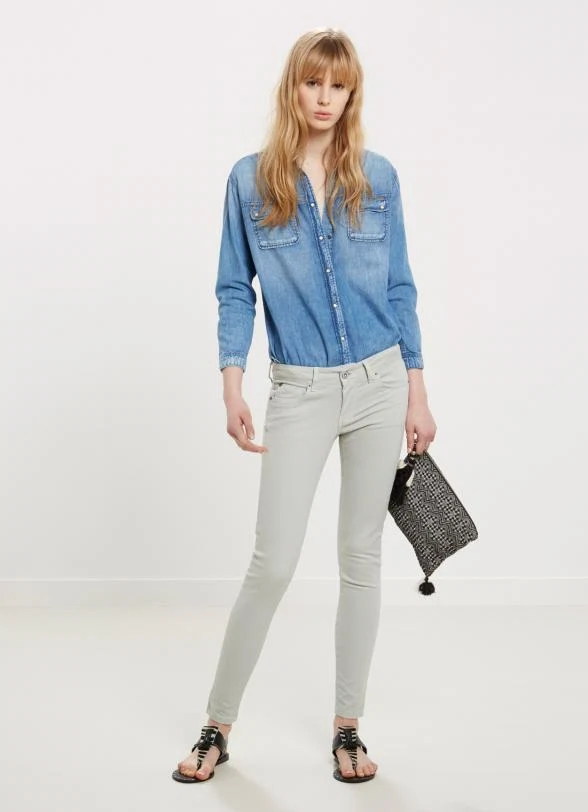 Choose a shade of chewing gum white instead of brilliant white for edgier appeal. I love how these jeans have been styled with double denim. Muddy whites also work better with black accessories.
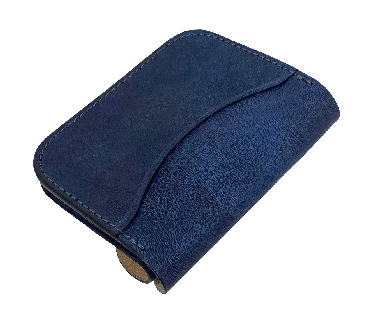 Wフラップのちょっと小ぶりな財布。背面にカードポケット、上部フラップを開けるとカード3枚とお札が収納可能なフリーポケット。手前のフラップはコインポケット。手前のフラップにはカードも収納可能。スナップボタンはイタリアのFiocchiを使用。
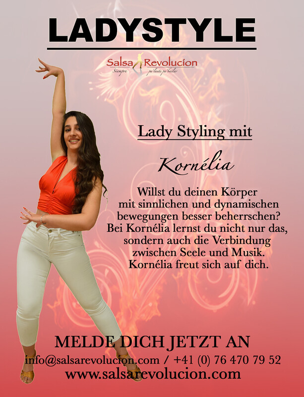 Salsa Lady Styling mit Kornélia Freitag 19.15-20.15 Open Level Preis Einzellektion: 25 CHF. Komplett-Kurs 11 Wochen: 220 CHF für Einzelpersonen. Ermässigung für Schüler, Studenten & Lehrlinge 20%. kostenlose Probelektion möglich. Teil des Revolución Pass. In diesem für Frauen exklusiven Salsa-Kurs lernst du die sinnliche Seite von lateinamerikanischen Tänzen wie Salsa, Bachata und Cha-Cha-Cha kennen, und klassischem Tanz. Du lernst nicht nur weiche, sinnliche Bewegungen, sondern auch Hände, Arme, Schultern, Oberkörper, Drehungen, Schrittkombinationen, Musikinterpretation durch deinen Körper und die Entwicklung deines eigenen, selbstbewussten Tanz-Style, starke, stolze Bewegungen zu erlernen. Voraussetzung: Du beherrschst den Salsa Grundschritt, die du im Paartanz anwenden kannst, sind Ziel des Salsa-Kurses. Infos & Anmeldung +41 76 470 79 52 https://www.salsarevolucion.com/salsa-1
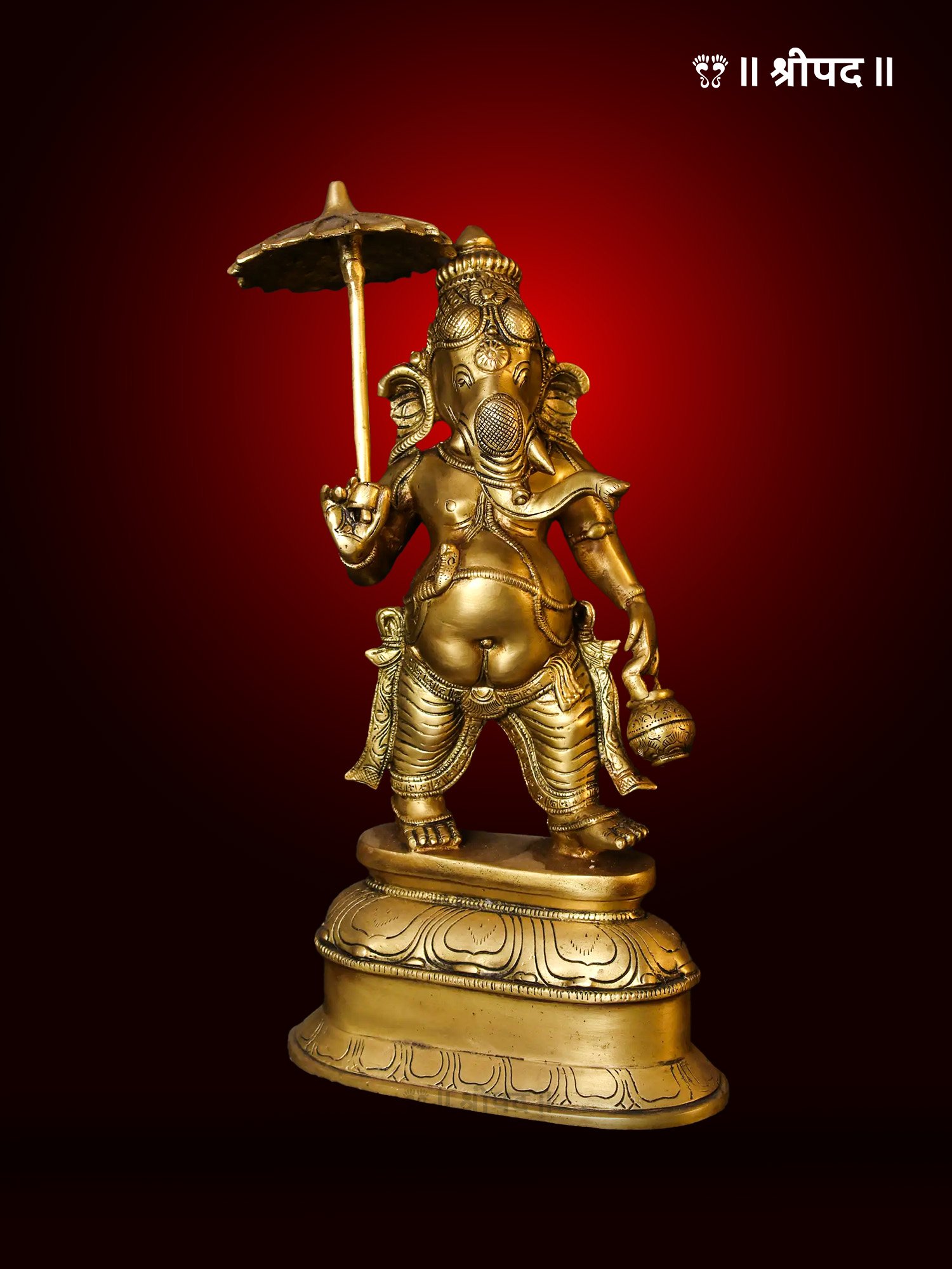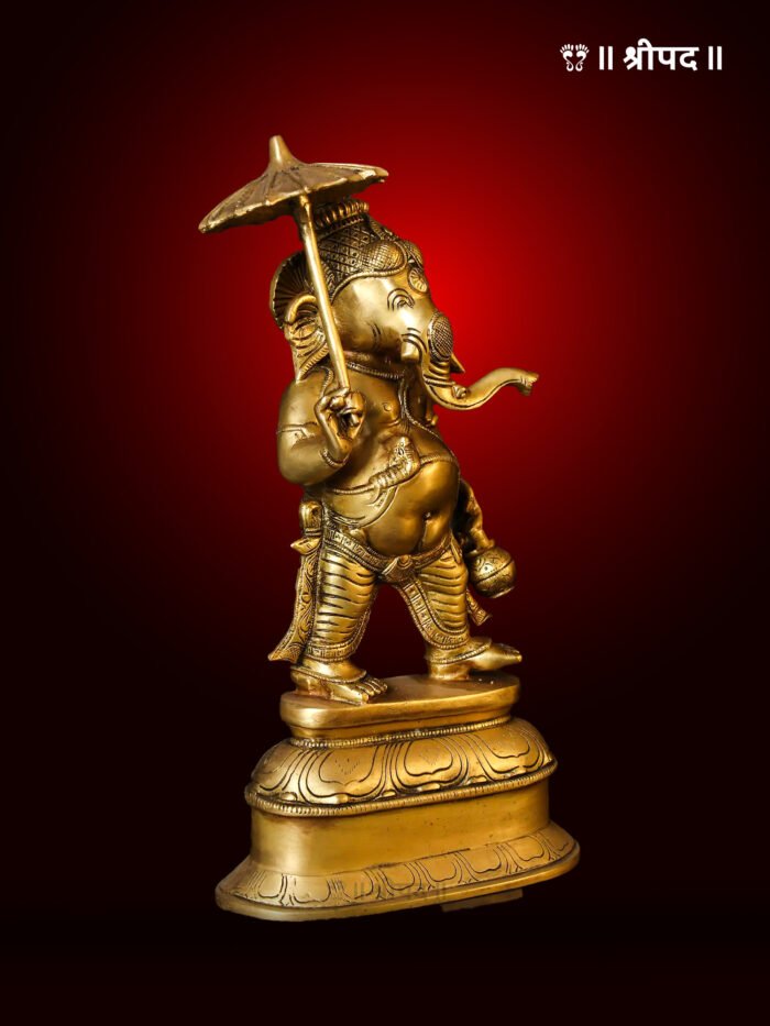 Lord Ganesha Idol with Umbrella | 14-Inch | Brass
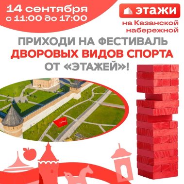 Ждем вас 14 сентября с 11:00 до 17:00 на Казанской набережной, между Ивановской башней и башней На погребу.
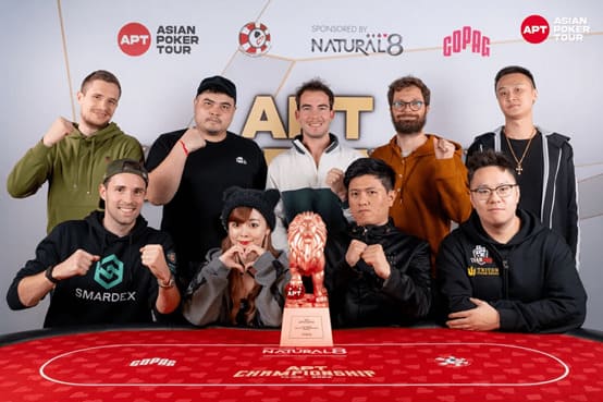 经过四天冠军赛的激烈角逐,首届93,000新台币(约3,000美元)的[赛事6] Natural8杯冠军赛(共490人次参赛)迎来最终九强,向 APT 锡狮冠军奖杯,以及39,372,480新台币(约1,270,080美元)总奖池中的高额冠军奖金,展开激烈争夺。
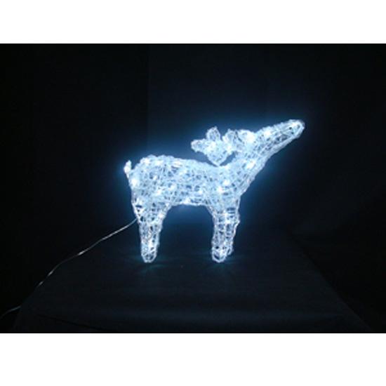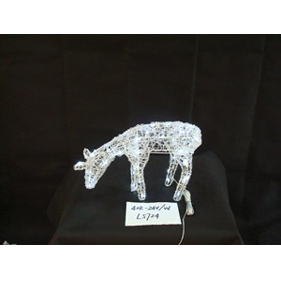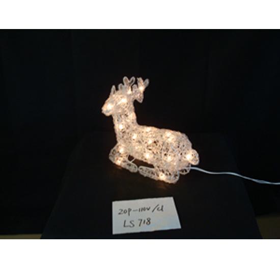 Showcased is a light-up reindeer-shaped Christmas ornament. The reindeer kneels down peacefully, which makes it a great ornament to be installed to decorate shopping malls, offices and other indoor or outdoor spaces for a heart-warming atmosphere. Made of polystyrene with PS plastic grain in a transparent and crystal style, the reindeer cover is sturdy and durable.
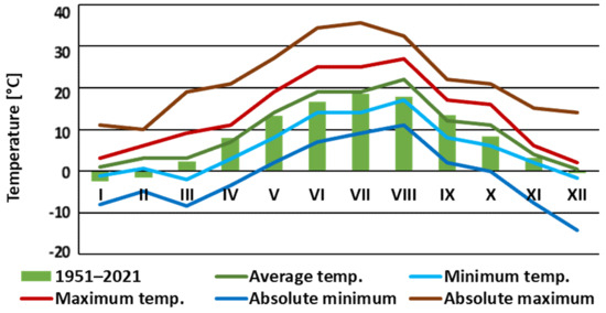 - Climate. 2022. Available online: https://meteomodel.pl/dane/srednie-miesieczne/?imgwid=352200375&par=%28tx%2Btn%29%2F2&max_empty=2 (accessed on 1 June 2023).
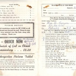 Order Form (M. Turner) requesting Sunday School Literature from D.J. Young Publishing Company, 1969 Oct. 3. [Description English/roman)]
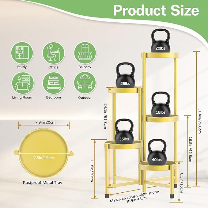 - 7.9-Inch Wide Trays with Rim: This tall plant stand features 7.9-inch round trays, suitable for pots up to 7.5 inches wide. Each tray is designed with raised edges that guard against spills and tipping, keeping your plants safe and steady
...
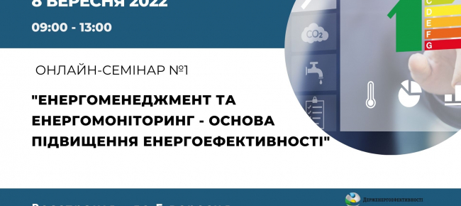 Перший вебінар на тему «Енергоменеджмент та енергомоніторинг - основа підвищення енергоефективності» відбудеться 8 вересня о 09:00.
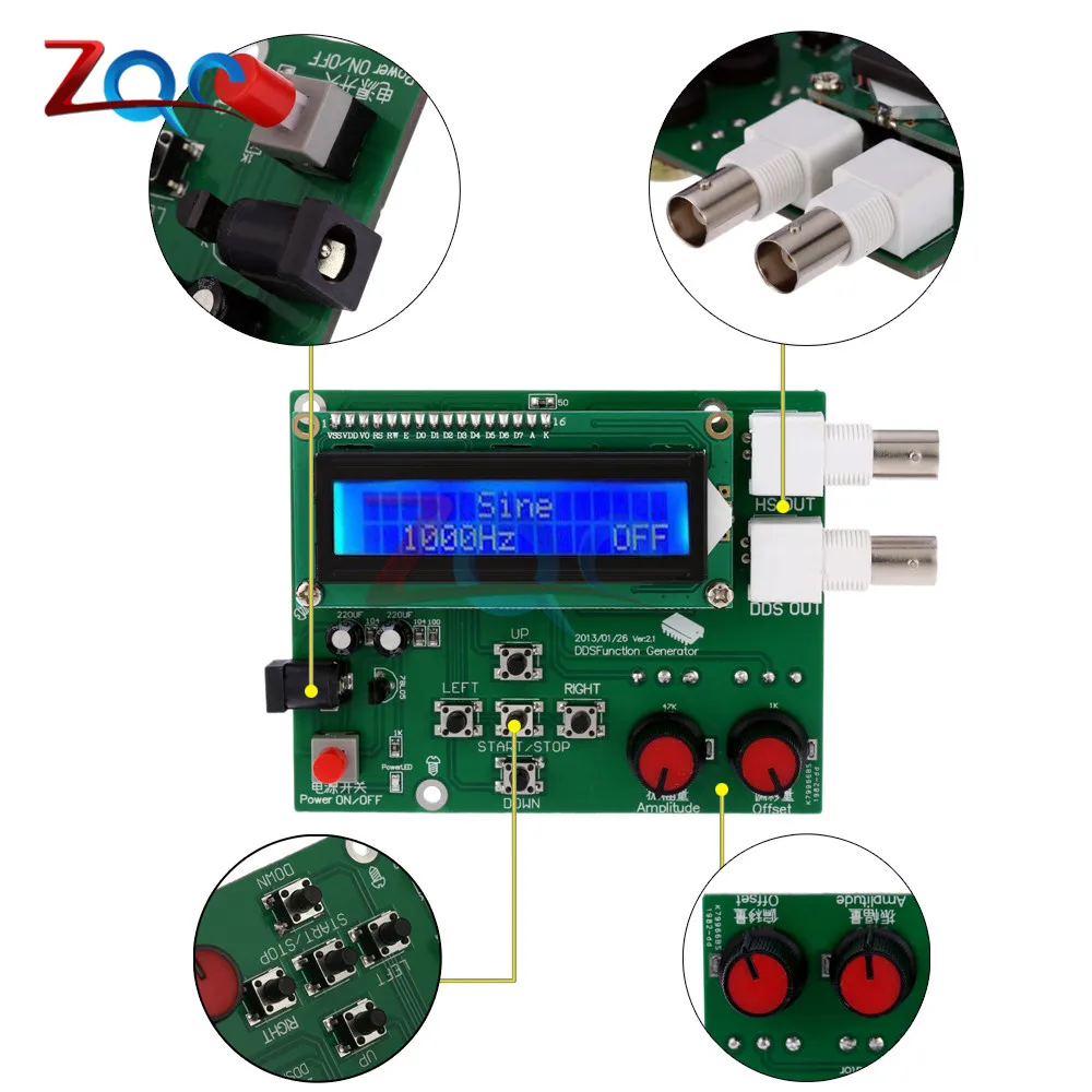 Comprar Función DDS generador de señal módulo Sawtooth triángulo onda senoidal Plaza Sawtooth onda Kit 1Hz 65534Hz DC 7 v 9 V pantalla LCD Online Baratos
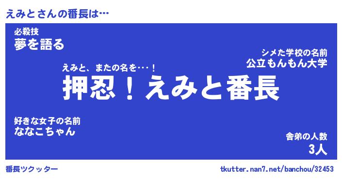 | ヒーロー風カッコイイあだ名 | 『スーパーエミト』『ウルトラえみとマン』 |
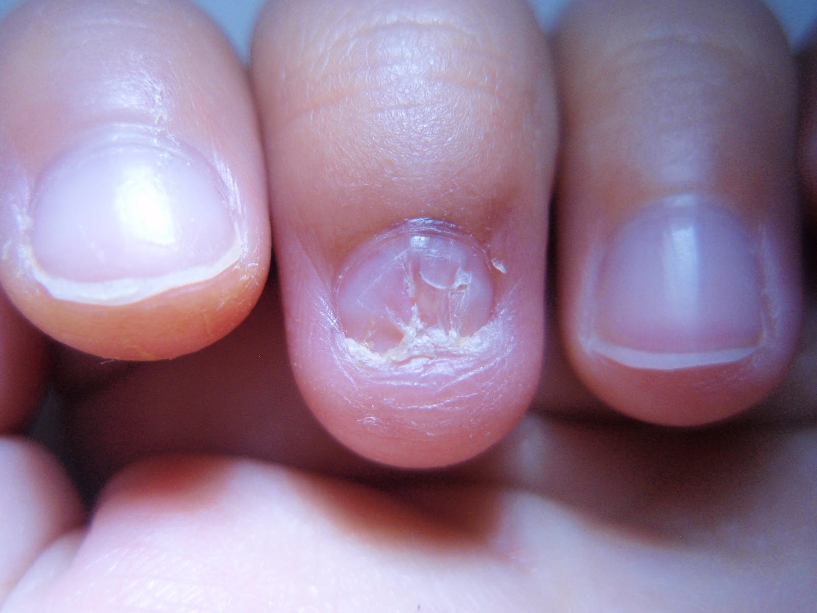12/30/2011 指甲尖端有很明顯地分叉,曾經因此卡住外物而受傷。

Your goal.
Reproduce the listing above from the line that holds "Перший вебінар на" through the line that holds "12/30/2011 指甲尖端有很明顯地分叉,曾經因此卡住外物而受傷。", both included, with the pictures left out.

Written response.
 Перший вебінар на тему «Енергоменеджмент та енергомоніторинг - основа підвищення енергоефективності» відбудеться 8 вересня о 09:00.
 Comprar Función DDS generador de señal módulo Sawtooth triángulo onda senoidal Plaza Sawtooth onda Kit 1Hz 65534Hz DC 7 v 9 V pantalla LCD Online Baratos
 | ヒーロー風カッコイイあだ名 | 『スーパーエミト』『ウルトラえみとマン』 |
12/30/2011 指甲尖端有很明顯地分叉,曾經因此卡住外物而受傷。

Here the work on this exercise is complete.